[Data section]

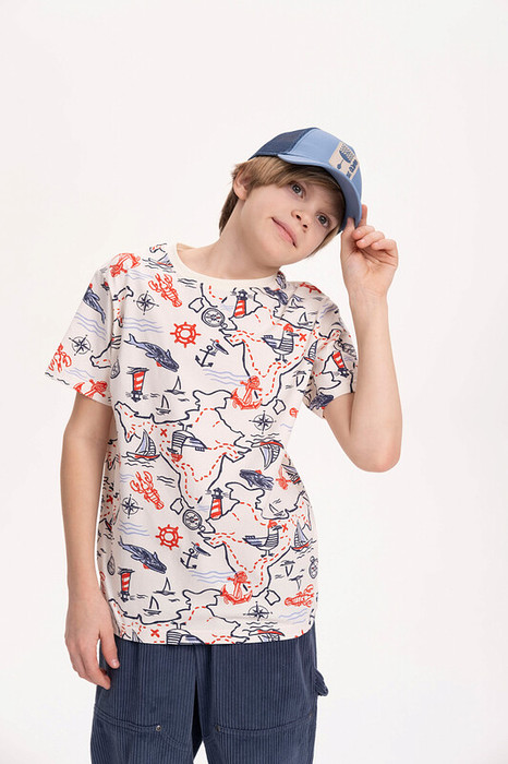 Футболка для мальчика прямого кроя - это идеальный выбор для активного ребенка. Вырез горловины обработан эластичной тканью — она прекрасно держит форму, не растягивается, при этом ребёнку удобно надевать и снимать футболку. Футболка украшена принтом в морском стиле. Спортивная футболка подходит как для подростков так и для малышей в детский сад. Подходит для любого времени года.
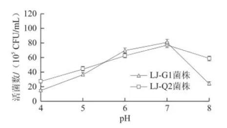 在葡萄糖質(zhì)量濃度為7 g/L、pH值為7時(shí),改變滲透壓(NaCl質(zhì)量濃度)分別為2、4、6、8、10 g/L,考察滲透壓對(duì)腸道菌生長(zhǎng)的影響,結(jié)果見圖7。LJ-G1和LJ-Q2活菌數(shù)隨NaCl質(zhì)量濃度的升高而增大,NaCl質(zhì)量濃度為4 g/L時(shí)達(dá)到最大,超過4 g/L之后活菌數(shù)明顯呈下降趨勢(shì),且下降幅度較大。原因是隨NaCl質(zhì)量濃度的繼續(xù)增高,會(huì)提高環(huán)境的滲透壓從而使菌不能繼續(xù)生長(zhǎng),由此可知NaCl適宜質(zhì)量濃度為4 g/L左右。
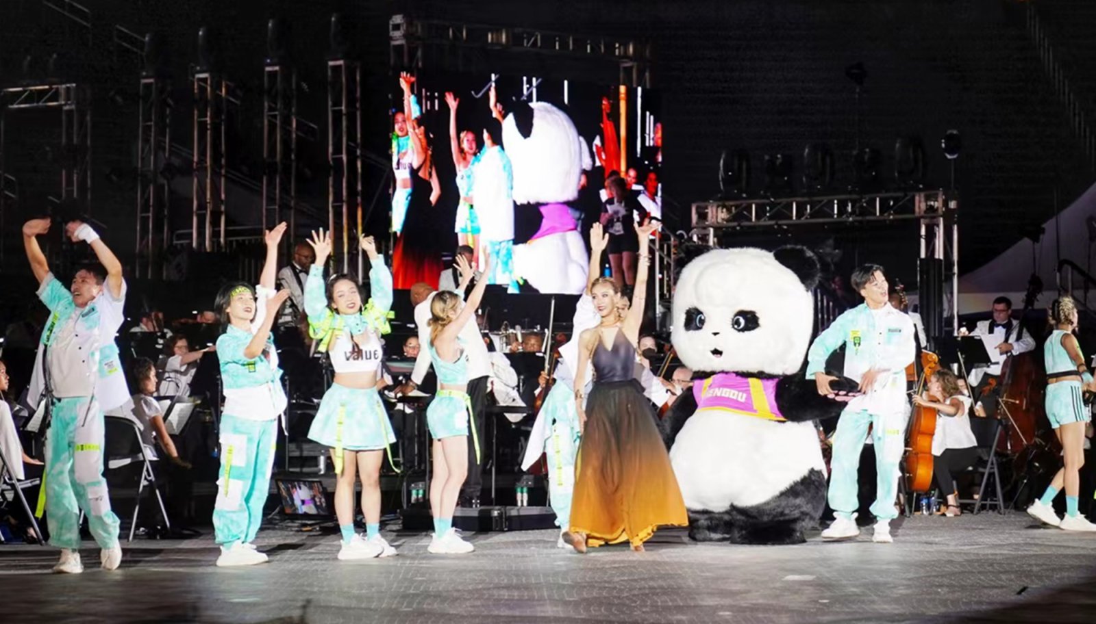 「成都時間」文藝展示以秋、冬、春、夏四季為順序展開,隨四季的變換呼應出音樂、舞蹈、燈光視效等元素的變化。寓意豐收、成就的「秋」,以美輪美奐的視頻畫面展現大美的雪山下的公園城市。「冬」,則以獨舞的形式展現傳說中的太陽神鳥對蜀人的護佑。在朝氣蓬勃的「春」的篇章,世運會的各個比賽項目則與成都人的日常生活、運動完美地結合在了一起。「夏」的熱情與活力,則以伯明翰現場與視頻呈現的成都地標場景中的啦啦操街舞演員鬥舞展現。在「友誼地久天長」樂曲聲中,來自成都各行各業的人們熱情歡迎全世界的朋友來到成都。最後,憨態可掬的熊貓人偶,向全世界發出2025年相約中國,相約成都、「Welcome to Chengdu」的邀請。

[/Data section]

# Exercise instructions:
Omit every picture, then repeat the remaining data exactly as it appears above.

# Answer box:
 Футболка для мальчика прямого кроя - это идеальный выбор для активного ребенка. Вырез горловины обработан эластичной тканью — она прекрасно держит форму, не растягивается, при этом ребёнку удобно надевать и снимать футболку. Футболка украшена принтом в морском стиле. Спортивная футболка подходит как для подростков так и для малышей в детский сад. Подходит для любого времени года.
 在葡萄糖質(zhì)量濃度為7 g/L、pH值為7時(shí),改變滲透壓(NaCl質(zhì)量濃度)分別為2、4、6、8、10 g/L,考察滲透壓對(duì)腸道菌生長(zhǎng)的影響,結(jié)果見圖7。LJ-G1和LJ-Q2活菌數(shù)隨NaCl質(zhì)量濃度的升高而增大,NaCl質(zhì)量濃度為4 g/L時(shí)達(dá)到最大,超過4 g/L之后活菌數(shù)明顯呈下降趨勢(shì),且下降幅度較大。原因是隨NaCl質(zhì)量濃度的繼續(xù)增高,會(huì)提高環(huán)境的滲透壓從而使菌不能繼續(xù)生長(zhǎng),由此可知NaCl適宜質(zhì)量濃度為4 g/L左右。
 「成都時間」文藝展示以秋、冬、春、夏四季為順序展開,隨四季的變換呼應出音樂、舞蹈、燈光視效等元素的變化。寓意豐收、成就的「秋」,以美輪美奐的視頻畫面展現大美的雪山下的公園城市。「冬」,則以獨舞的形式展現傳說中的太陽神鳥對蜀人的護佑。在朝氣蓬勃的「春」的篇章,世運會的各個比賽項目則與成都人的日常生活、運動完美地結合在了一起。「夏」的熱情與活力,則以伯明翰現場與視頻呈現的成都地標場景中的啦啦操街舞演員鬥舞展現。在「友誼地久天長」樂曲聲中,來自成都各行各業的人們熱情歡迎全世界的朋友來到成都。最後,憨態可掬的熊貓人偶,向全世界發出2025年相約中國,相約成都、「Welcome to Chengdu」的邀請。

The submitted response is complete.